:: Task statement ::
Only the lines from the line with "Bàn thờ gia" through the end of the records belong in your reply, copied exactly, with every picture left out.

:: Input material ::
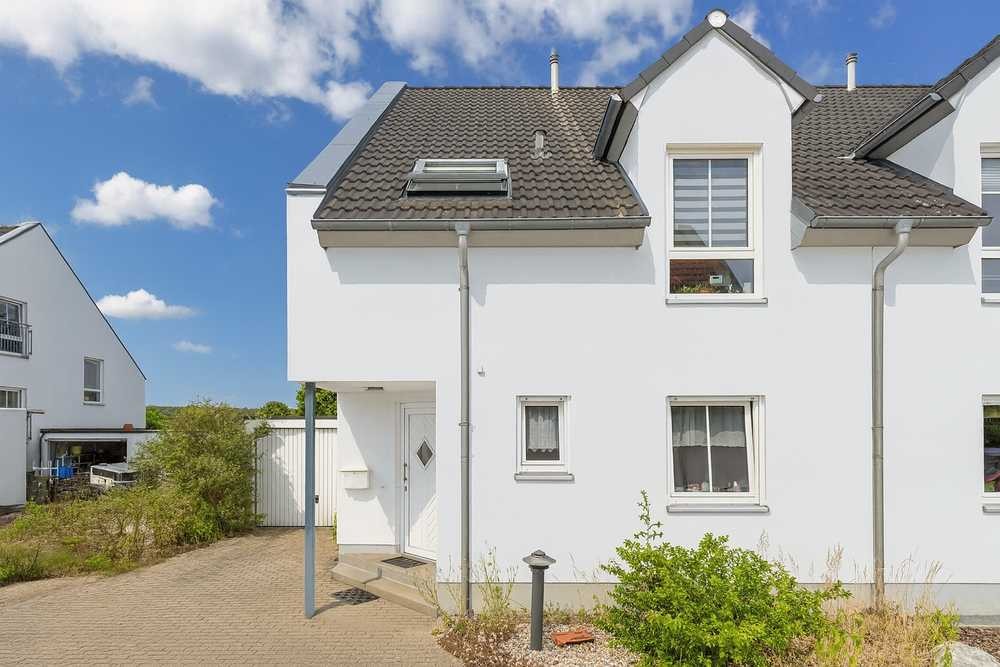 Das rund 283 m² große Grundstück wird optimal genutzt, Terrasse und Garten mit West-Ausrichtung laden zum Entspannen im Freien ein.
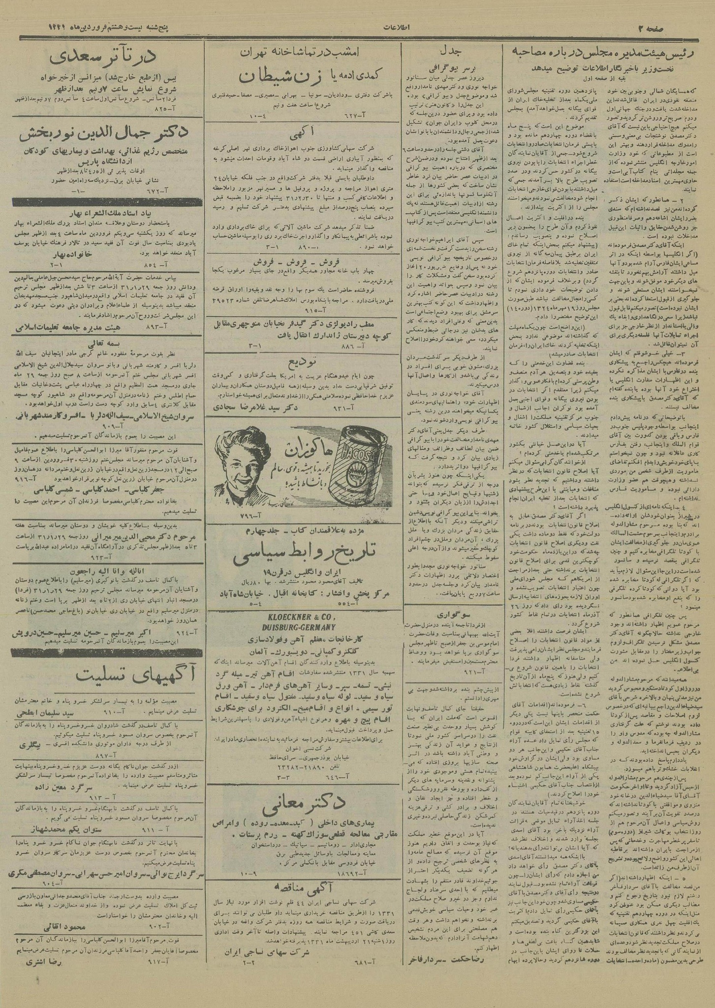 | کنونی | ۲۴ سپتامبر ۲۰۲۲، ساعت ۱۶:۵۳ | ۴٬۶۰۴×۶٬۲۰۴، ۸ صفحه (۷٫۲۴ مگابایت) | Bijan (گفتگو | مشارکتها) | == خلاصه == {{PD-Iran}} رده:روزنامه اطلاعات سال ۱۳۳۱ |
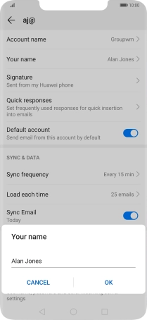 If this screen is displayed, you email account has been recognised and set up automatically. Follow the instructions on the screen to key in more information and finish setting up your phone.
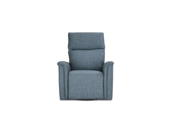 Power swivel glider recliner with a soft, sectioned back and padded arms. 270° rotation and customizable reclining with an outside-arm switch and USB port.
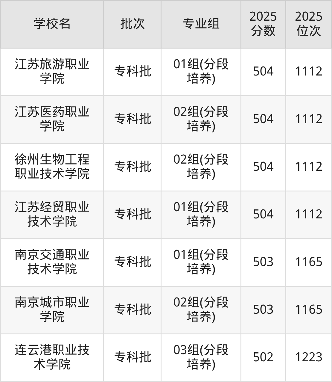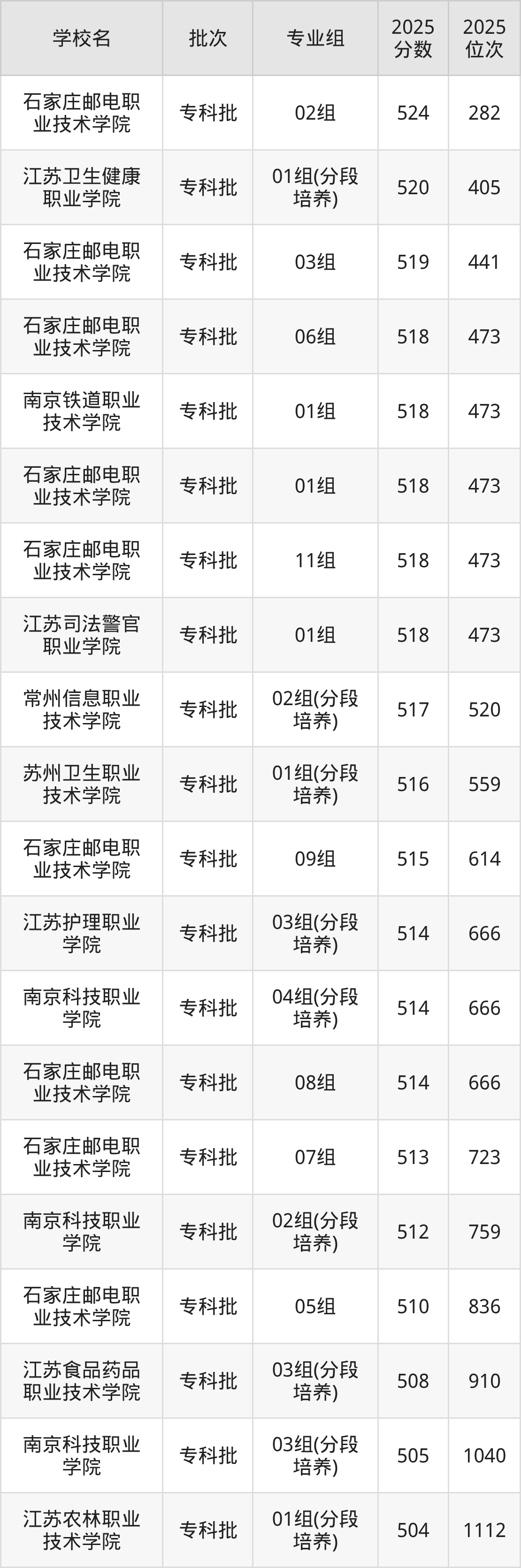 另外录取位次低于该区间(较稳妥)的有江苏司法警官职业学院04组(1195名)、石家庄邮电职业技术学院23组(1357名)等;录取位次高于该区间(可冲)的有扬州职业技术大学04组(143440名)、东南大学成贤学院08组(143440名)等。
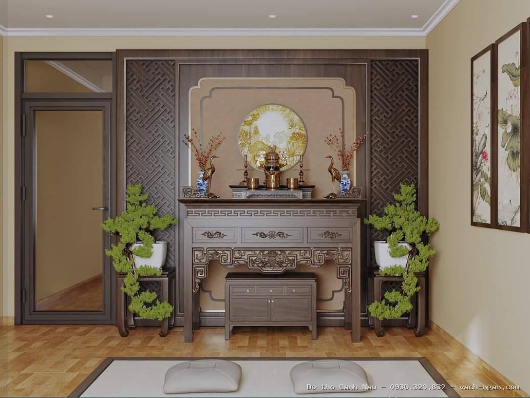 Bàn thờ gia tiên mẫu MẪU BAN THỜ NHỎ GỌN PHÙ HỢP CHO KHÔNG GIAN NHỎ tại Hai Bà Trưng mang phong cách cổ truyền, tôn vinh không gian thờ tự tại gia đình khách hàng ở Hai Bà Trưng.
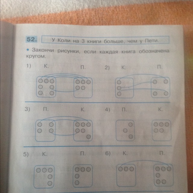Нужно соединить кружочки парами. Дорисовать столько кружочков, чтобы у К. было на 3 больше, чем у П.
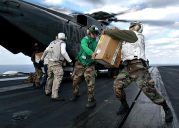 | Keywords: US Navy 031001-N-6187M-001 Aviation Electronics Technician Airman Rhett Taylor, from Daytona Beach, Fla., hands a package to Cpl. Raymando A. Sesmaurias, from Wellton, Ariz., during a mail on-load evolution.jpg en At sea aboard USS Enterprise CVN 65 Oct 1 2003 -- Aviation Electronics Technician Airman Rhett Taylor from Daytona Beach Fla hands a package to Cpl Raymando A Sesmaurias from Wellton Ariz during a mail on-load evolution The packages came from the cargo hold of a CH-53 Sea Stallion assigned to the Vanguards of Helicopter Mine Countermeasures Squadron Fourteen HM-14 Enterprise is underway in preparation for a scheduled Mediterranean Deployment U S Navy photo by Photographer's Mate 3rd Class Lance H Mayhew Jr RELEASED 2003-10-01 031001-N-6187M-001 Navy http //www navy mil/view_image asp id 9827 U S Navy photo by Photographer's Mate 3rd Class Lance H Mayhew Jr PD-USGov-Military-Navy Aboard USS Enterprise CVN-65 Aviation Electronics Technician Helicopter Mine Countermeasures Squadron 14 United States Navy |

:: Response to this exercise ::
 Bàn thờ gia tiên mẫu MẪU BAN THỜ NHỎ GỌN PHÙ HỢP CHO KHÔNG GIAN NHỎ tại Hai Bà Trưng mang phong cách cổ truyền, tôn vinh không gian thờ tự tại gia đình khách hàng ở Hai Bà Trưng.
Нужно соединить кружочки парами. Дорисовать столько кружочков, чтобы у К. было на 3 больше, чем у П.
 | Keywords: US Navy 031001-N-6187M-001 Aviation Electronics Technician Airman Rhett Taylor, from Daytona Beach, Fla., hands a package to Cpl. Raymando A. Sesmaurias, from Wellton, Ariz., during a mail on-load evolution.jpg en At sea aboard USS Enterprise CVN 65 Oct 1 2003 -- Aviation Electronics Technician Airman Rhett Taylor from Daytona Beach Fla hands a package to Cpl Raymando A Sesmaurias from Wellton Ariz during a mail on-load evolution The packages came from the cargo hold of a CH-53 Sea Stallion assigned to the Vanguards of Helicopter Mine Countermeasures Squadron Fourteen HM-14 Enterprise is underway in preparation for a scheduled Mediterranean Deployment U S Navy photo by Photographer's Mate 3rd Class Lance H Mayhew Jr RELEASED 2003-10-01 031001-N-6187M-001 Navy http //www navy mil/view_image asp id 9827 U S Navy photo by Photographer's Mate 3rd Class Lance H Mayhew Jr PD-USGov-Military-Navy Aboard USS Enterprise CVN-65 Aviation Electronics Technician Helicopter Mine Countermeasures Squadron 14 United States Navy |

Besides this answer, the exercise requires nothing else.